(Data provided)
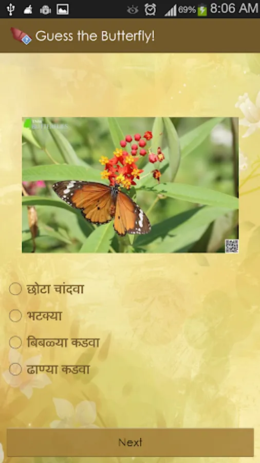 "Guess the Butterfly" is an image based butterfly identification quiz / trivia game with butterfly names in multiple languages (like English, Marathi).
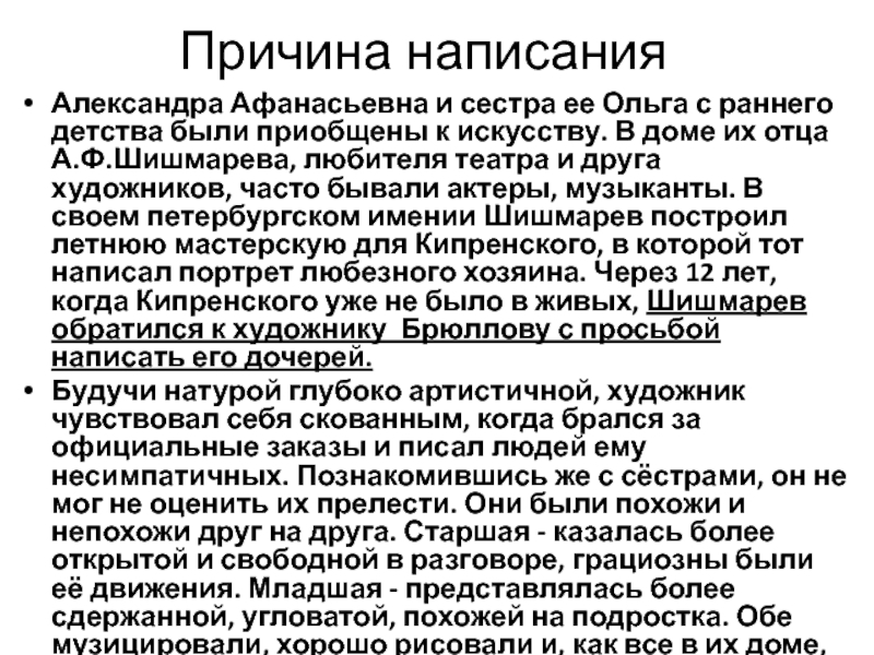 Будучи натурой глубоко артистичной, художник чувствовал себя скованным, когда брался за официальные заказы и писал людей ему несимпатичных. Познакомившись же с сёстрами, он не мог не оценить их прелести. Они были похожи и непохожи друг на друга. Старшая - казалась более открытой и свободной в разговоре, грациозны были её движения. Младшая - представлялась более сдержанной, угловатой, похожей на подростка. Обе музицировали, хорошо рисовали и, как все в их доме, увлечены искусством и литературой.
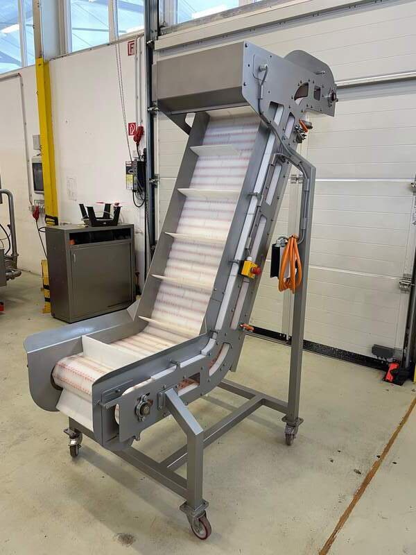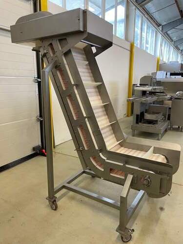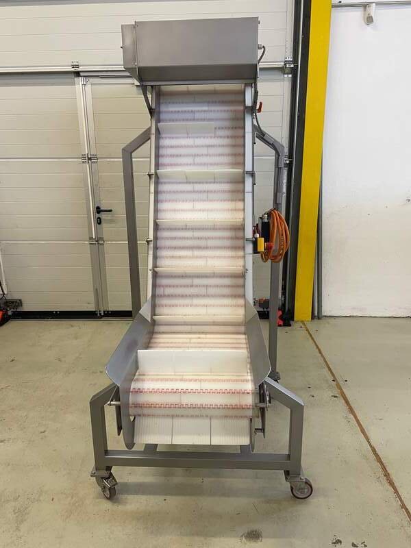 Wir verkaufen hier ein Transportband / Steigband / Giraffe in einem sehr guten gebrauchten und funktionstüchtigen Zustand. Das Band läuft auf 400 Volt, Baujahr 2013, komplett Edelstahl, Kunststoffband mit Mitnehmer, Bandbreite 45 cm, Steighöhe 210 cm, höhenverstellbar, mit Steigung / Steigband, rollbar, Werkstatt geprüft, weiteres auf Anfrage.
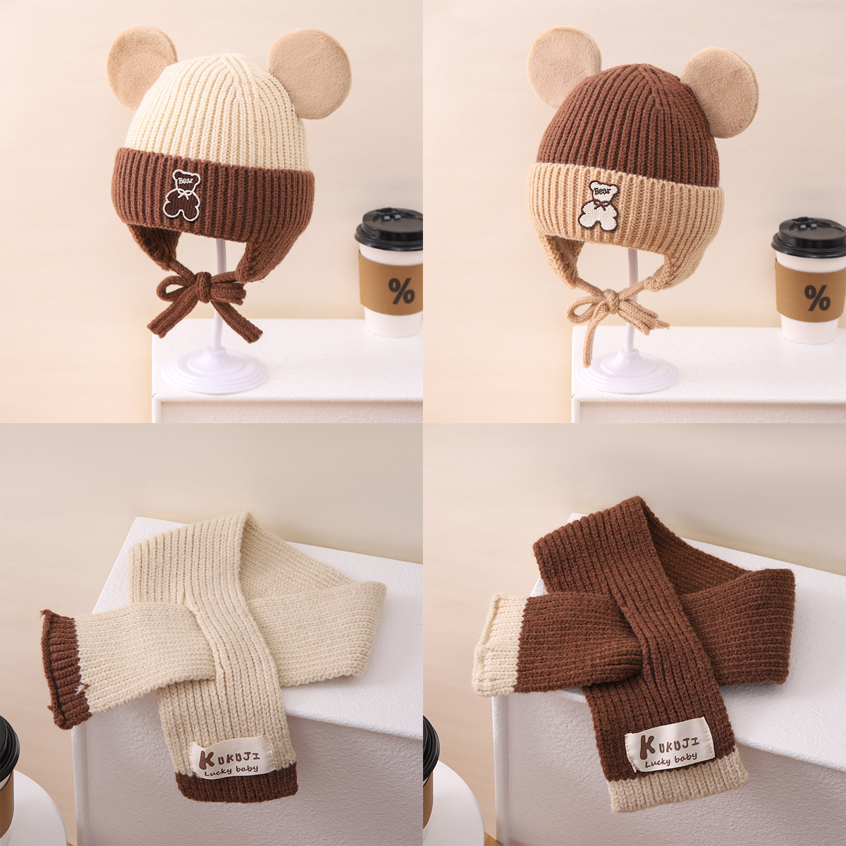 漫画ぬいぐるみ熊秋冬赤ちゃん帽子子供マフラーワンピースベルベット子供帽子毛むくじゃら保温
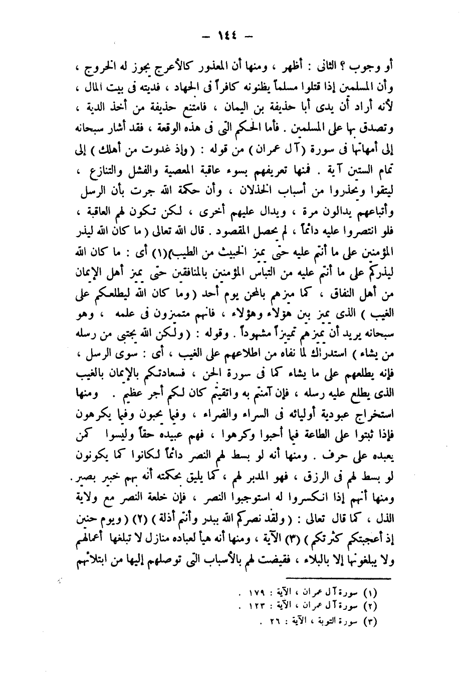 أو وجوب؟ الثاني: أظهر، ومنها أن المعذور كالأعرج يجوز له الخروج، وأن المسلمين إذا قتلوا مسلما يظنونه كافرا في الجهاد، فديتُه في بيت المال، لأنه أراد أن يدي أبا حذيفة بن اليمان، فَامْتَنَعَ حذيفة مِنْ أَخْذِ الدِّيَةِ، وَتَصَدَّقَ بِهَا على المسلمين.
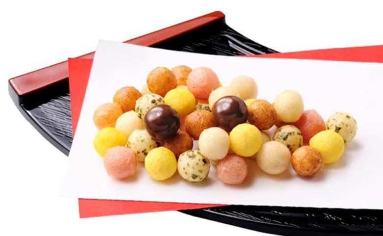 「関西風ひなあられ」のシェアを誇るその特徴は、厄除けの色とされる、赤、青、黄、白、黒の5色に、チョコがけのひなあられが加わったミックススタイルです。
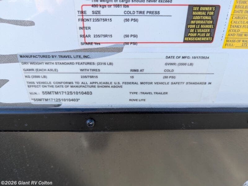Request More Info on this 2025 Travel Lite Rove Lite 14FB Offered for sale by Giant RV
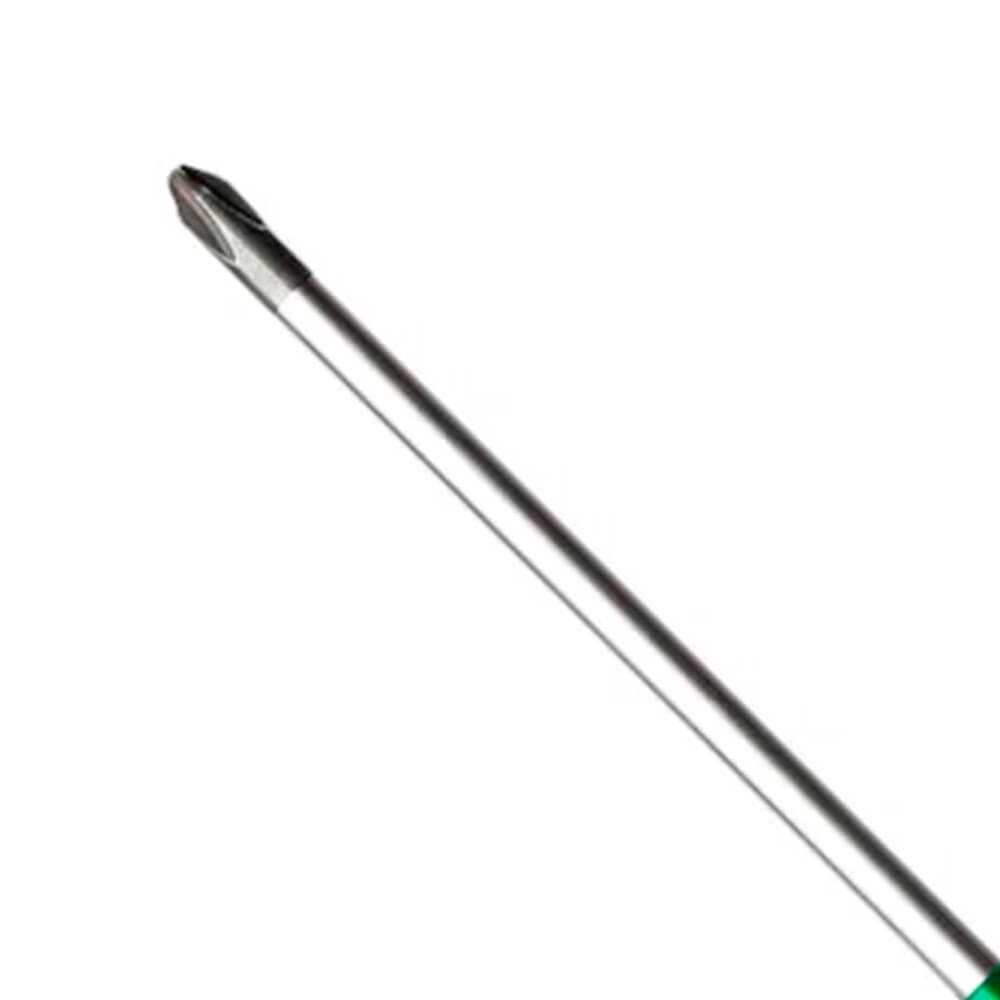 Chave Phillips® com cabo PVC translucido verde ergonômico com ponta oxidada para evitar descascamento e proporcionar mais segurança. Possui a haste toda temperada com acabamento niquelado e cromado.Ideal para uso profissional pesado, seu cabo ergonômico rígido e resistente injetado em PVC na cor verde transparente deixa aparente a profundidade que a haste está garantindo máxima qualidade e resistencia para o trabalho diário.
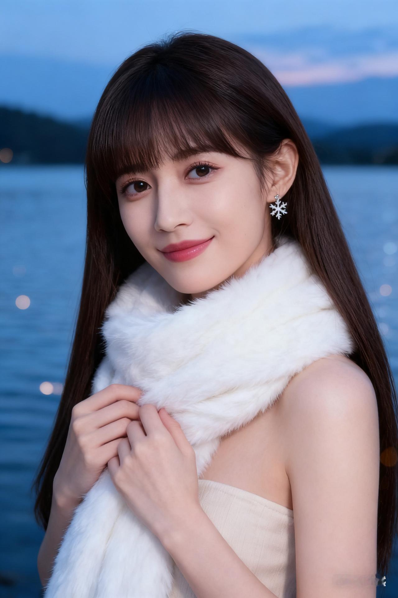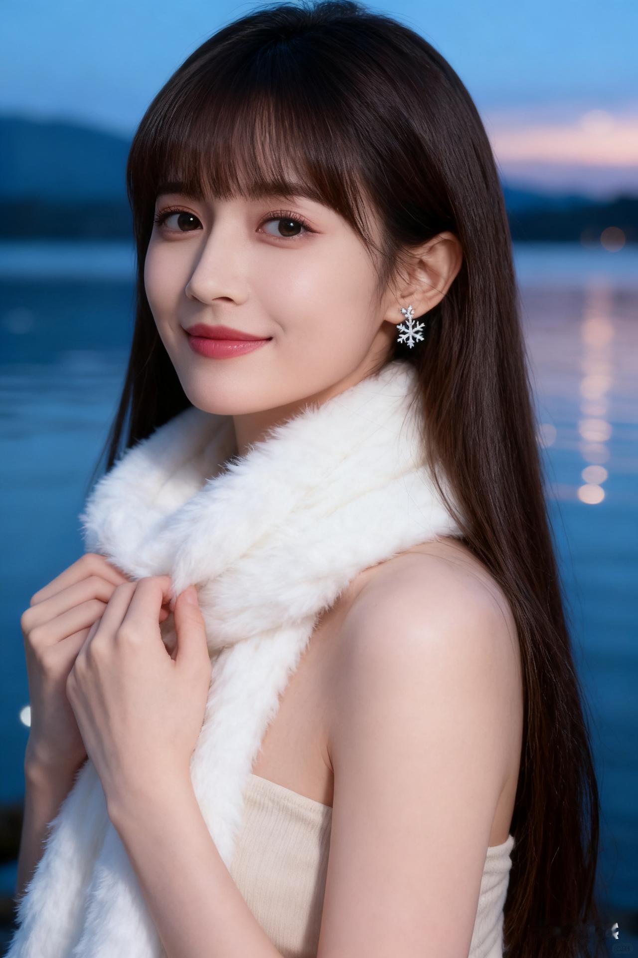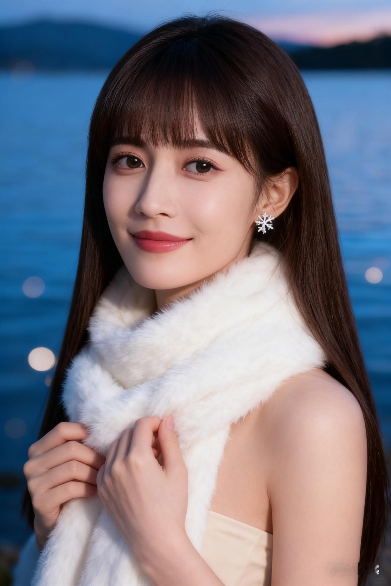 冬日里的温暖时光,毛绒围巾与雪景耳环的完美搭配,甜美笑容照亮整个画面。
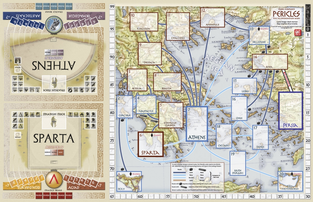 Pericles is a ‘sandbox’ (unscripted) wargame that covers the ENTIRE period of conflict described in Thucydides classic history on the Peloponnesian wars. Pericles is a four-player game, where two teams of Athenian and Spartan factions fight for Hegemony in 5th Century Greece. Each team of two represents a faction vying for control of their City States, strategy, and honor. Athens sees the Aristocrats debate issues with their opposing Demagogues, while in Sparta House Agiad and House Eurypontid contend for royal dominance.
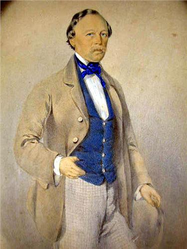 A WATERCOLOR PORTRAIT OF A STANDING GENTLEMAN; Wearing a jacket and blue vest
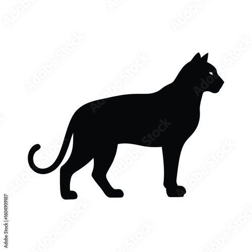 © Online Graphic BD, Fototapeta premium Black panther silhouette standing profile isolated on white background
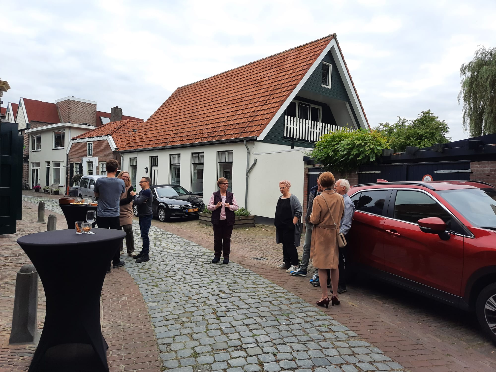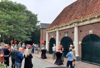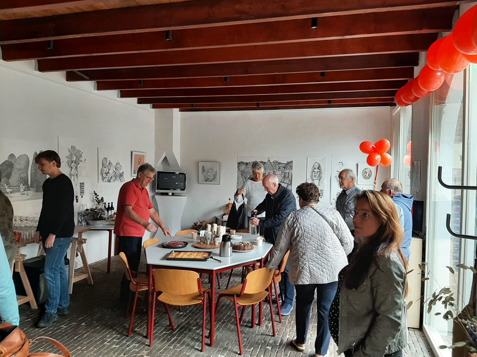 De grote houten deuren werden geopend, waarna de bezoekers naar binnen konden. Er was een theebar en koffie met diverse door familie en vrienden zelf gemaakte taarten, waarna het later nog lang gezellig bleef met drankjes en hapjes.
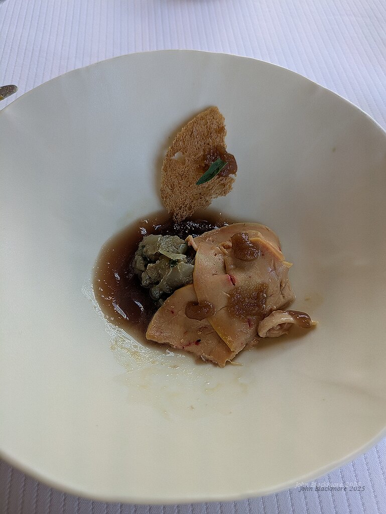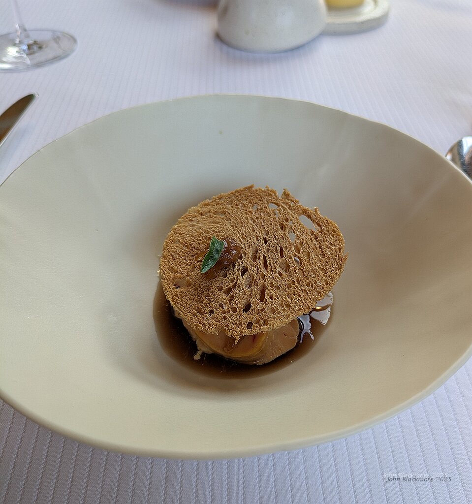 Oignons de Sélestat confits, foie gras de canard cuit au sel, tuile de pain et bouillon de peaux d’oignons rouges
(End Data provided)
In the reply, give again exactly the lines from the beginning of the entries above through the line with "冬日里的温暖时光,毛绒围巾与雪景耳环的完美搭配,甜美笑容照亮整个画面。"; pictures stay out.

The answer:
 "Guess the Butterfly" is an image based butterfly identification quiz / trivia game with butterfly names in multiple languages (like English, Marathi).
 Будучи натурой глубоко артистичной, художник чувствовал себя скованным, когда брался за официальные заказы и писал людей ему несимпатичных. Познакомившись же с сёстрами, он не мог не оценить их прелести. Они были похожи и непохожи друг на друга. Старшая - казалась более открытой и свободной в разговоре, грациозны были её движения. Младшая - представлялась более сдержанной, угловатой, похожей на подростка. Обе музицировали, хорошо рисовали и, как все в их доме, увлечены искусством и литературой.
 Wir verkaufen hier ein Transportband / Steigband / Giraffe in einem sehr guten gebrauchten und funktionstüchtigen Zustand. Das Band läuft auf 400 Volt, Baujahr 2013, komplett Edelstahl, Kunststoffband mit Mitnehmer, Bandbreite 45 cm, Steighöhe 210 cm, höhenverstellbar, mit Steigung / Steigband, rollbar, Werkstatt geprüft, weiteres auf Anfrage.
 漫画ぬいぐるみ熊秋冬赤ちゃん帽子子供マフラーワンピースベルベット子供帽子毛むくじゃら保温
 أو وجوب؟ الثاني: أظهر، ومنها أن المعذور كالأعرج يجوز له الخروج، وأن المسلمين إذا قتلوا مسلما يظنونه كافرا في الجهاد، فديتُه في بيت المال، لأنه أراد أن يدي أبا حذيفة بن اليمان، فَامْتَنَعَ حذيفة مِنْ أَخْذِ الدِّيَةِ، وَتَصَدَّقَ بِهَا على المسلمين.
 「関西風ひなあられ」のシェアを誇るその特徴は、厄除けの色とされる、赤、青、黄、白、黒の5色に、チョコがけのひなあられが加わったミックススタイルです。
Request More Info on this 2025 Travel Lite Rove Lite 14FB Offered for sale by Giant RV
 Chave Phillips® com cabo PVC translucido verde ergonômico com ponta oxidada para evitar descascamento e proporcionar mais segurança. Possui a haste toda temperada com acabamento niquelado e cromado.Ideal para uso profissional pesado, seu cabo ergonômico rígido e resistente injetado em PVC na cor verde transparente deixa aparente a profundidade que a haste está garantindo máxima qualidade e resistencia para o trabalho diário.
 冬日里的温暖时光,毛绒围巾与雪景耳环的完美搭配,甜美笑容照亮整个画面。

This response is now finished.